Israel não vai sumir do mapa como pregam os celerados do islamismo suicida. Vai
continuar forte e vai reagir.
A marcha do governo israelense para a extrema
direita também mostra seu limite. O prodigioso aparato de segurança não manterá
protegida a população. Sem engajamento diplomático e político com o lado
palestino, viver em Israel será mais arriscado.
Neste momento de urgência, a comunidade
internacional deveria zelar para que os reféns não combatentes tomados pelo
Hamas sejam devolvidos e para que Israel respeite as leis de guerra, poupe os
civis e assegure o abastecimento de itens básicos em Gaza.

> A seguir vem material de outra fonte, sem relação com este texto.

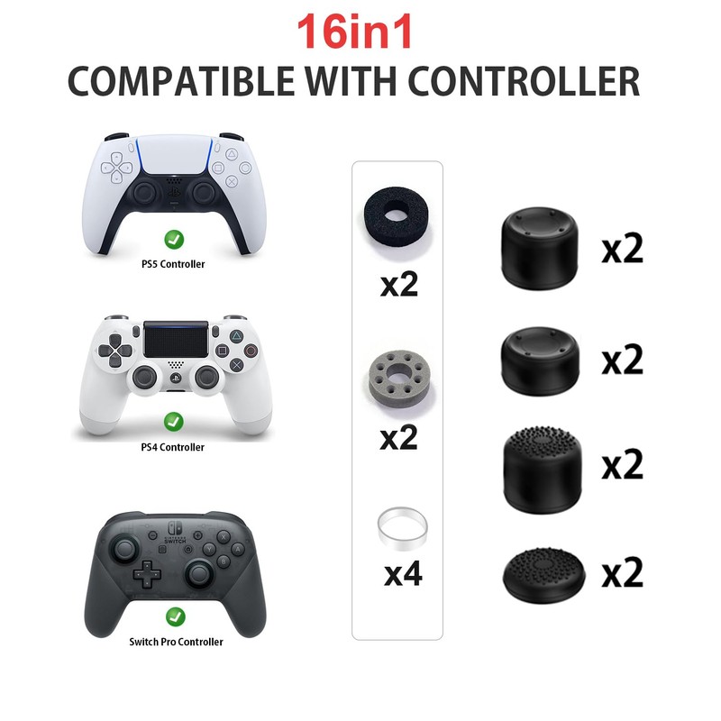 ZHI-NYLLDJS ZHI-NYLLDJS FPS Thumb Grip Gamepad Raised Antislip Thumb Stick Grips Thumbsticks Joystick Cap for PS5/4,Switch Pro Con-Precision Rings,Assist Rings,Storage Case(16pcs),Black Set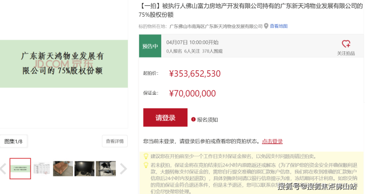 近日,京东拍卖平台显示,被执行人佛山富力房地产开发有限公司持有的广东新天鸿物业发展有限公司的75%股权份额将于4月7日开拍,起拍价约3.53亿元。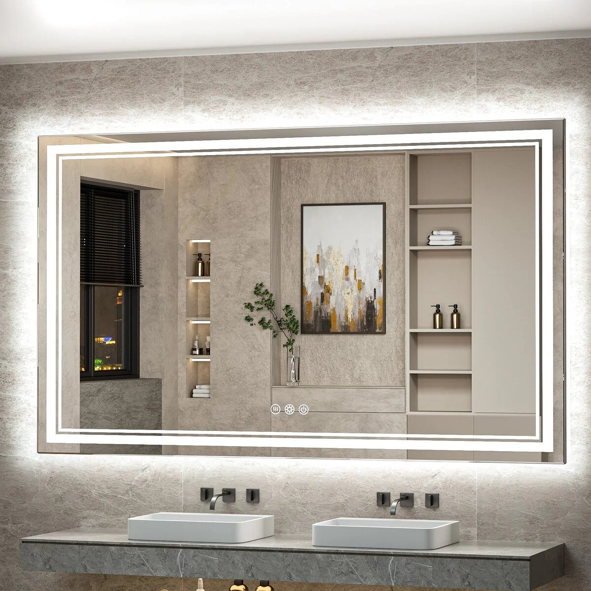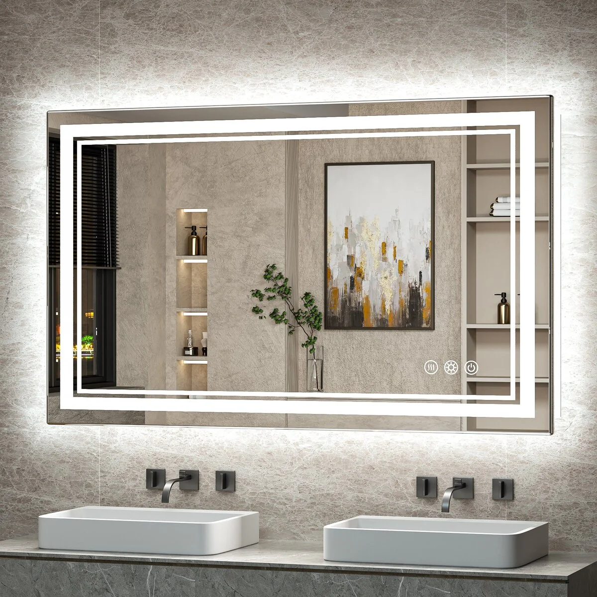 - [Backlit & Front light] With two high-density light strips, Keonjinn's upgraded LED bathroom mirror provides both ultra-bright front light and back light. With unique three light modes designed for UL/FCC certified LED drivers, you can turn on only the backlight independently as ambient light, or only the front light to save energy. Get three styles of mirrors at once.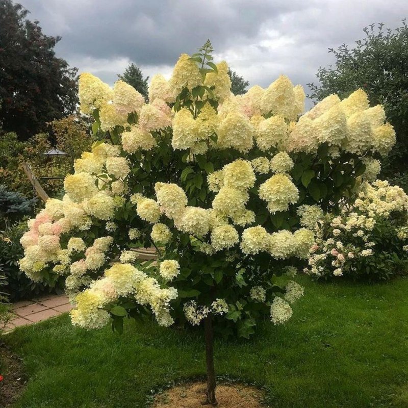 Гортензия метельчатая «Лайм Лайт» (Hydrangea paniculata «Limelight») - это декоративный куст с эффектными крупными соцветиями, сформированный на штамбе. Крона гортензии округлая и густо покрыта крупными соцветиями. Соцветия имеют форму плотной пирамиды и достигают в длину 25-30 см. Зеленовато-белые соцветия по мере созревания приобретают более светлый кремовый оттенок, а к осени могут становиться слегка розоватыми. Листья растения тёмно-зелёные, овальные, густо покрывают крону.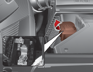 Le système électronique peut ne pas fonctionner correctement même si les fusibles du boîtier à fusibles intérieur ou du compartiment moteur ne sont pas débranchés. Dans ce cas, la cause du problème peut être la déconnexion du fusible principal (type BFT), qui se trouve à l'intérieur du capuchon de la borne positive (+) de la batterie.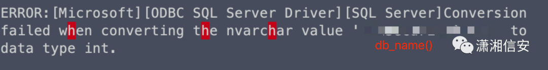 我们知道,sql server报错有个很爽的技巧就是基于类型错误:int+varchar,尝试报错出db_name()。

Mas as atenções estratégicas dos países
comprometidos com a paz, como defende
esta Folha, precisam estar voltadas para o restabelecimento
tempestivo de canais de negociação que possam concretizar a solução de dois
Estados.
O Brasil, que ora preside o Conselho de Segurança
da ONU, dispõe de um ativo intangível, mas valoroso, para exibir aos
contendores. Aqui as comunidades árabe e judaica convivem harmoniosamente e
cooperam desde sempre.
Essa característica não apenas recomenda à diplomacia brasileira que adote a equidistância no conflito. Exige que condene a violência e apele à retomada do diálogo rumo à conciliação perene entre palestinos e israelenses.
A nova desordem mundial
O Estado de S. Paulo
Novos conflitos sinalizam que a ordem do pós-guerra morreu, mas a nova ainda não nasceu: ante a escalada da competição entre potências, mundo precisa de um novo modelo de cooperação
O pesadelo em Israel deveria ser um momento
de clareza moral. Ele reacendeu debates sobre as ambivalências no Oriente
Médio, especialmente sobre as ações e omissões de israelenses e palestinos. Mas
as centenas de civis, sobretudo mulheres e crianças, executados, mutilados ou
estuprados são um alerta de que, além dos matizes geopolíticos e “choques de
civilizações”, há uma luta do bem contra o mal, da civilização contra a
barbárie. Ainda assim, dias após a carnificina, o Conselho de Segurança da ONU
– que deveria ser a polícia do mundo – foi incapaz de emitir uma manifestação –
muito menos uma resolução – que deveria ter saído em minutos.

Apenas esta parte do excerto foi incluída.